The GCHL will be a centrally owned and operated 4 team minor professional hockey league based in Atlantic Canada that will begin play in December 2010. The GCHL is focused on bringing professional hockey to fans in cities that do not have major junior or professional hockey teams.
More than 8.2 million people attended major junior and minor professional hockey games in Canada during the 2007-08 hockey season, this is 3.5 million more than who attended NHL games in Canada last season.
There are several cities in Atlantic Canada that are major junior and professional ready but do not have hockey teams at this level. The GCHL will have teams in three of these cities: St. John’s, Fredericton and Summerside plus a team in the region’s largest city, Halifax.

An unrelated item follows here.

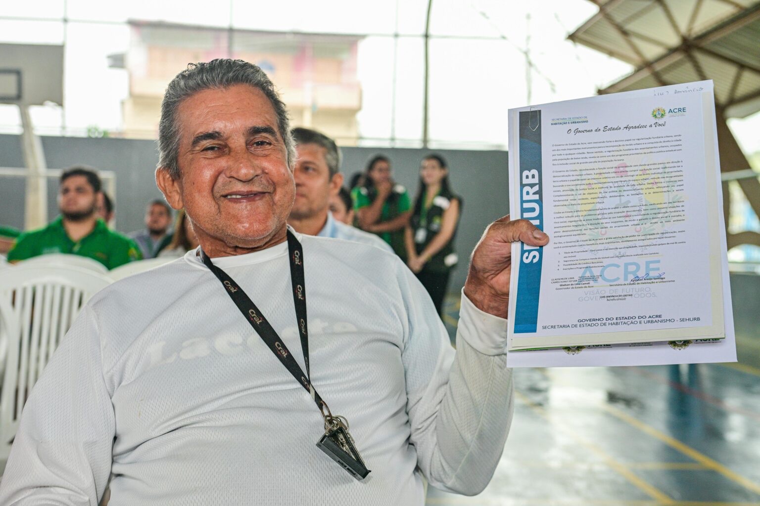 O governador do Acre, Gladson Camelí, participou da cerimônia de entrega de 186 títulos de propriedade a famílias residentes na Poligonal de Intervenção Zona de Atendimento Prioritário (ZAP 4) de Rio Branco, que contempla os bairros Floresta, João Eduardo I, Novo Horizonte e Palheiral.Do bairro João Eduardo I, o comerciante Luiz Amâncio de Castro recebeu o título de propriedade: “Tranquilidade e reconhecimento”.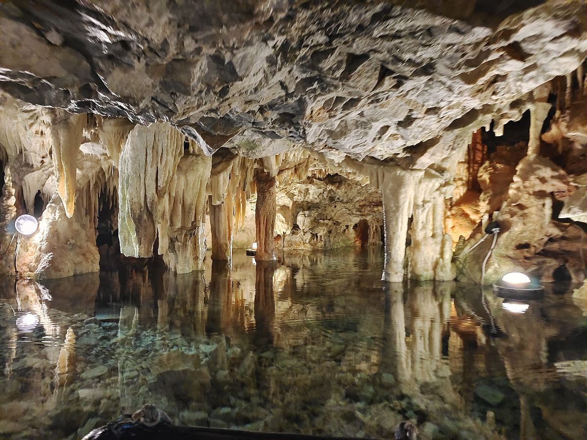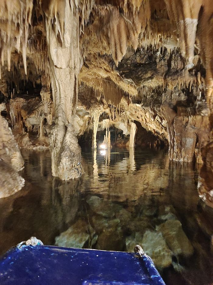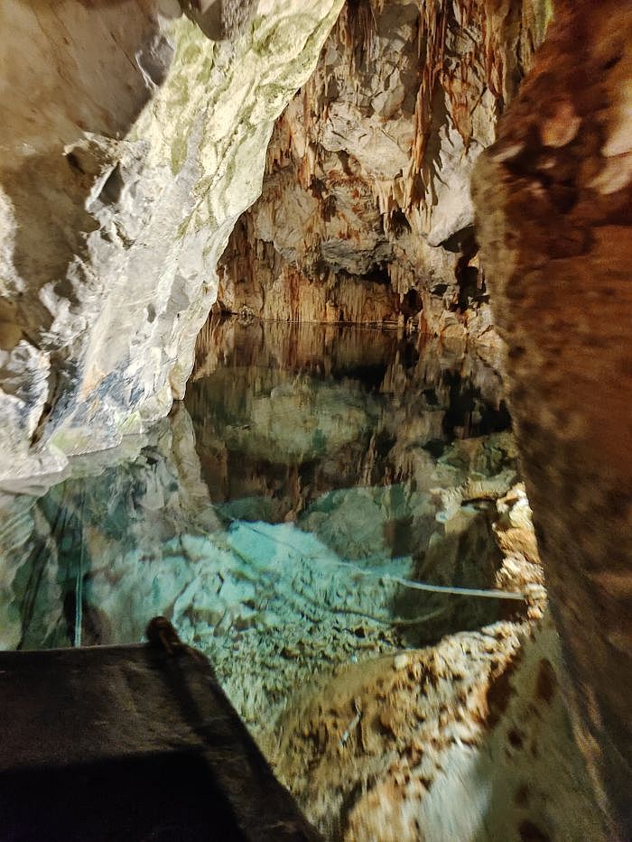Další návštěvou byla jeskyně Diros. Jeskyně Diros je jedna z nejvíce šokujících jezerních jeskyní na planetě, obsahuje neuvěřitelný komplex místností s krystalickými útvary.

The key to the CFL’s success for nearly 60 years is its ability to maintain a balance between being a professional sports league that is not perceived as minor league, its ability to celebrate its uniqueness in their rules and above all its determination to maintain its Canadian roots. The CFL thrives in a current professional sports market where there is increasing fan backlash against other pro sports and their athletes. Common complaints by fans such as excessive salaries, escalating ticket prices and players who play a sport solely for the money do not exist in the CFL. Unlike the National Hockey League there are no $200 million contracts, nor has it cancelled an entire season over a labour dispute.
The GCHL will operate as a single corporation with financial investors owning shares in the league while the league office runs the teams.
This is not a new idea, it is something that has been done successfully with other leagues such as the Central Hockey League. The Central Hockey League started as a six team league in 1992 using the philosophy of a centrally owned hockey league. The co-founder, Ray Miron, hired the general managers while his son Monty hired the coaches. "Control of salaries was the biggest thing. If you don't have control of the teams, individual owners want to win so bad, they'll start cheating by paying under the table."
The CHL grew to 12 teams before it merged with the Western Professional Hockey league in 2001, keeping the name Central Hockey league. Today the CHL is a subsidiary of Global Entertainment operating with 16 teams.